So you’re back from spending 4-6 months with “the other” in some random country— well, whoop-de-frickin-do! I was here in M-town freezing my ass off waiting for The RIDE at the transfer point. No, seriously, I missed you a lot, and I’m sorry I never responded to any of the mass e-mails you sent about that cool tree you saw while hiking in the mountains, or the realization that being an American is a privilege and a burden… I just got really busy. But now that you’re back, I can’t wait for us to hang out and stuff. Here are some suggestions to make your return less jarring, and more enjoyable, for all of us.
1. PACK LIGHT. Chances are, you got screwed without a condom by Reslife, and now you’re carrying the burden of crappy housing (and an illegitimate baby that looks like a cross between Jeff Ederer and a couple of your mom’s recessive traits). If this is the case, all the posters, furniture, and broken dreams you planned to bring to school aren’t going to fit anywhere. I suggest you bring a carry-on bag filled with underwear and flannel, and a backpack filled with candy. If you got stuck in a lo-rise, just tie a kerchief to a stick and fill it with an apple and some raisins.
2. GET YOUR LOG-ON. You do not exist unless you have a wry yet honest Facebook profile that sums up your likes, dislikes, and whether or not you are gay/single (this can be updated daily, based on your whimsy). The Facebook (www.thefacebook.com) is the new handshake, first date, and substitute for awkward social interaction. If people don’t know what they’ll get before they talk to you, how do you ever expect to make new friends?
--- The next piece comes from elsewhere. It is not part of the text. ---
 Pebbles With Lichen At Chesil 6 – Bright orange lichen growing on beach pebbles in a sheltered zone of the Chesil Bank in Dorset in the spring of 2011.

3. SLUT IT UP. Really, do it. What better way to get back into the Wesleyan scene than to make out with random people and feel awkward for days/weeks afterwards? In the days following the incident, you can find out the sexual and social history of your make-out buddy, bringing you up to speed on the latest phase of the Wesleyan social network.
4. JAZZ IT. I know you missed Wesleyan, and there are tons of people you didn’t see, but chances are most people didn’t notice you were gone. To jog their memory, get a new haircut, gain twenty pounds, or change your first name to something ethnic. Obvious changes make you seem very dynamic and remind others that it’s been a while since you’ve been around.
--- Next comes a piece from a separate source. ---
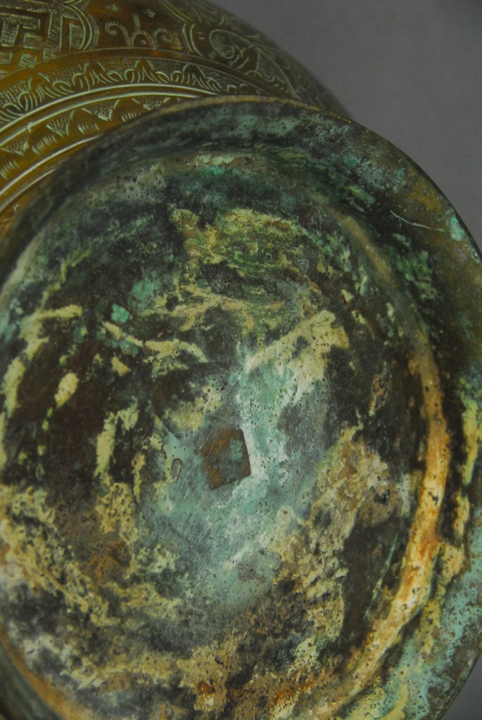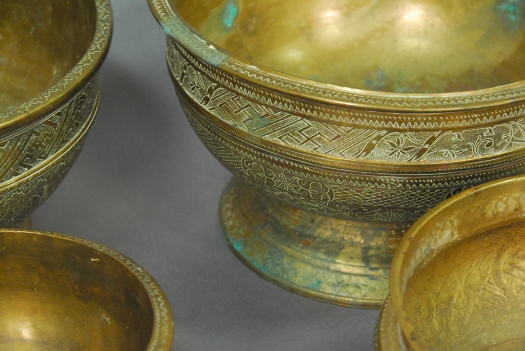 Lot 654: Group of five early brass footed bowls, probably mideastern 18th century or earlier
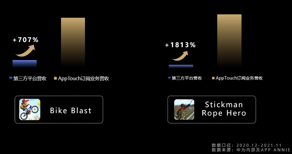 在实战案例方面,参考第三方平台数据及华为内部运营数据,游戏《Stickman Rope Hero》在加入了AppTouch会员联运后,从2020年12月至2021年11月近一年时间里,其营收增长了1813%;同期,另外一款名为《Bike Blast》的游戏,收入增长了707%,增收效果显著。

5. BEWARE T.L.I. It stands for “Too Little Information,” folks. When someone comes up to you and asks you how your semester was, try to say more than “it was great!” It’s vague, and sounds like you were making up the whole “study abroad” thing in the first place. Don’t give a speech; a short statement that touches on high- and low-lights and supports your points is sufficient.*
There you have it— all you need to get acclimated to Wesleyan! Within days you will be feeling awkward, liberal-yet-guilty, and adrift in a sea of uncertainty. The self-esteem and strength you found while plunging yourself into a new and challenging situation will dissipate, and you will be just like the rest of us. You’re welcome.
(That last tip came from the MLA Handbook for Writers).